一、下载flink1.14.4
wget https://dlcdn.apache.org/flink/flink-1.14.4/flink-1.14.4-bin-scala_2.11.tgz
注意:如果只使用flink_on_yarn,那么使用官网提供的二进制包即可,自flink1.11版本开始,flink支持通过hadoop classpath访问CDH集群中的hdfs和yarn。

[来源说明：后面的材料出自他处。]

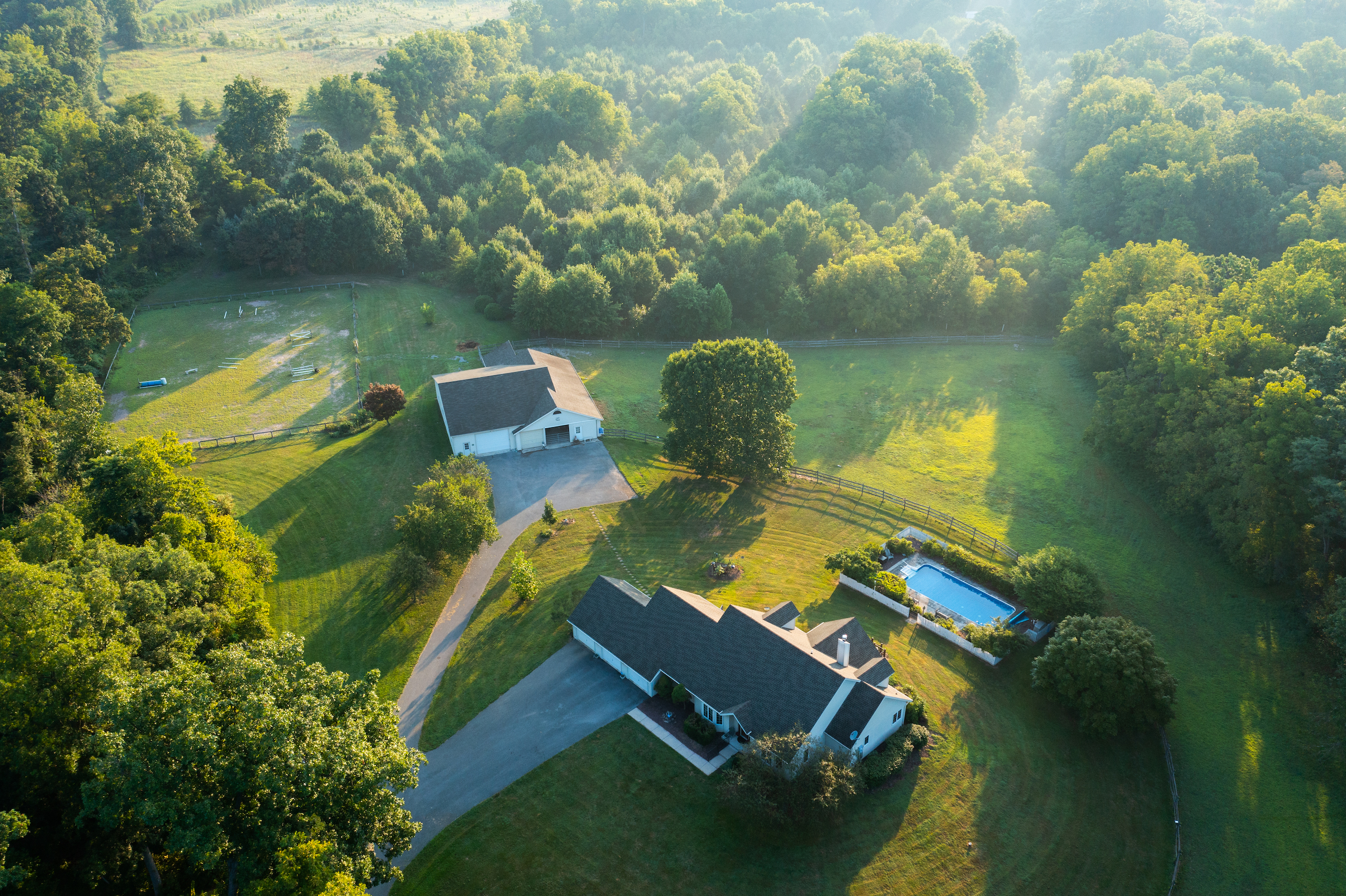 You'll love this 3 bedroom. 2.5 bath, custom home on 48.4 acres in Carlisle, PA! This home has everything from beautiful panoramic views to the vaulted living room ceilings with the overlooking hallway. The rear porch faces East, overlooking the in-ground swimming pool and wooden fenced-in horse pasture, providing a quiet place to enjoy your morning coffee and watch the sunrise. The home features extra closet space in each bedroom, a large master bathroom, and a 3-car garage. There is no shortage of storage as the house sits on an ever-so-large unfinished basement and has a walk-in attic. Cross the large backyard to the 6-stall horse barn that has a heated tack room, wash bay and office and you'll see the outdoor horse arena, 8+ acres of fenced-in pasture with an outdoor run-in shelter and over 2.6 miles of riding trails and jumps. Attached to the barn is a 1440 sq. ft. shop with 12 ft. drive-through doors that provides plenty of room for oversized trailers, campers and equipment. Along the nature trails are several site locations showcasing different forest growth stages, various types of grass, flowers and more. There is even a Forest Bathing site for deep reflection and absorption of nature's sounds. And because this is an ATFS-certified tree farm, oak trees roam the property providing plenty of native food sources for deer, turkey, and other small game to thrive. This property and others nearby are protected by a Conservation Easement to prevent future subdivisions and ensure nature is conserved. This nature lover's paradise is found just 10 minutes from the heart of Carlisle and less than 30 minutes to the state's capital, with quick access on and off Interstate-81 and the I-76 turnpike. Down the tree-lined blacktop driveway and across the road you are just walking distance to the local Cumberland Golf Course. From the driveway sensor and home alarm system to the new pool liner, roof, water heater, front door, and garage entrance door; this home has been meticulously maintained with many recent improvements. The well water was last tested in January 2022, the septic was last cleaned and tested in 2020, and the geothermal heating system was last serviced in February 2022. You can be confident that this home is ready to live in, worry-free, just awaiting your arrival. If you have been looking for an incredible home with lots of land to fulfill your country dreams, look no further! This is it!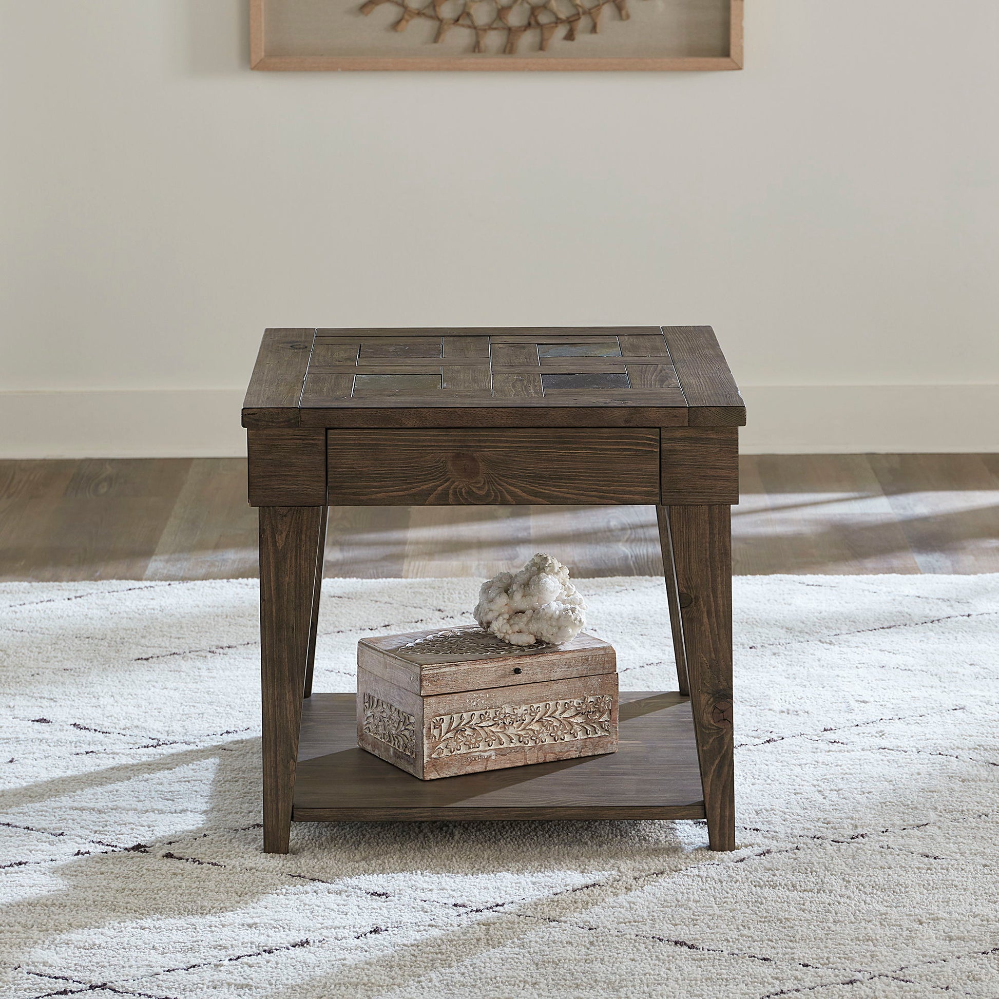 If you enjoy rustic, the Arrowcreek collection is for you. Crafted with solid reclaimed pine and pine veneers and finished in a weathered stone. Features slate tile inserts with a basket weave designed top, lift top cocktail table is great for working from home or dining in your living room and castered for easy movement. Kit consists of one lift top cocktail table and two end tables.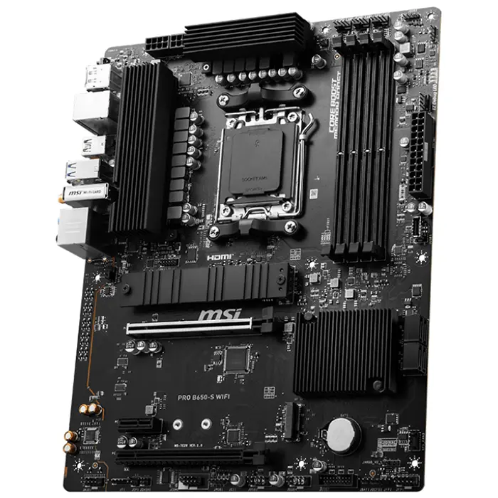 Unleash and sustain the maximum performance with a flagship VRM design built with a total of 12+2+1 power design. Combining dual power connectors and exclusive Core Boost technology, PRO B650-S WIFI is ready for the challenge of high-end processors.

如果要使用flink sql_on_hive,那么使用官网提供的flink-sql-connector-hive-2.2.0_2.11-1.14.4.jar会报错,需要重新进行编译。
编译的话只需要对flink-sql-connector-hive-2.2.0进行编译,不过在这里也介绍一下flink的编译方法。
1.下载flink1.14.4源码包
wget https://dlcdn.apache.org/flink/flink-1.14.4/flink-1.14.4-src.tgz
2.配置编译环境
# 配置maven
tar zxf apache-maven-3.5.4-bin.tar.gz -C /usr/local
ln -s /usr/local/apache-maven-3.5.4/bin/mvn /usr/local/bin
3.修改flink的pom.xml
tar zxf flink-1.14.4-src.tgz
cd flink-1.14.4/
vim pom.xml
# 修改haddop版本
<hadoop.version>3.0.0-cdh6.3.2</hadoop.version>
# 修改hive版本
<hive.version>2.1.1-cdh6.3.2</hive.version>
<hivemetastore.hadoop.version>3.0.0-cdh6.3.2</hivemetastore.hadoop.version>
# 添加cloudera源
<repositories>
<repository>
<id>cloudera</id>
<url>https://repository.cloudera.com/artifactory/cloudera-repos/</url>
</repository>
</repositories>
4.编译flink(参考即可,可不做)
# 编译后文件在flink-dist/target/flink-1.14.4-bin/flink-1.14.4
mvn clean install -DskipTests -Dfast -Drat.skip=true -Dhaoop.version=3.0.0-cdh6.3.2 -Dinclude-hadoop -Dscala-2.11 -T2C
注:编译flink过程中可能会提示io.confluent相关的包有问题,查询资料反馈是默认下载的包不完整,需删除已经下载的包,然后从https://packages.confluent.io/maven/io/confluent这个网站上下载对应的包放到maven repository目录
5.修改flink-sql-connector-hive-2.2.0的pom.xml
vim flink-connectors/flink-sql-connector-hive-2.2.0/pom.xml
# 修改hive-exec版本
<artifactId>hive-exec</artifactId>
<version>2.1.1-cdh6.3.2</version>
6.编译flink-sql-connector-hive-2.2.0(sql_on_hive需要做这步)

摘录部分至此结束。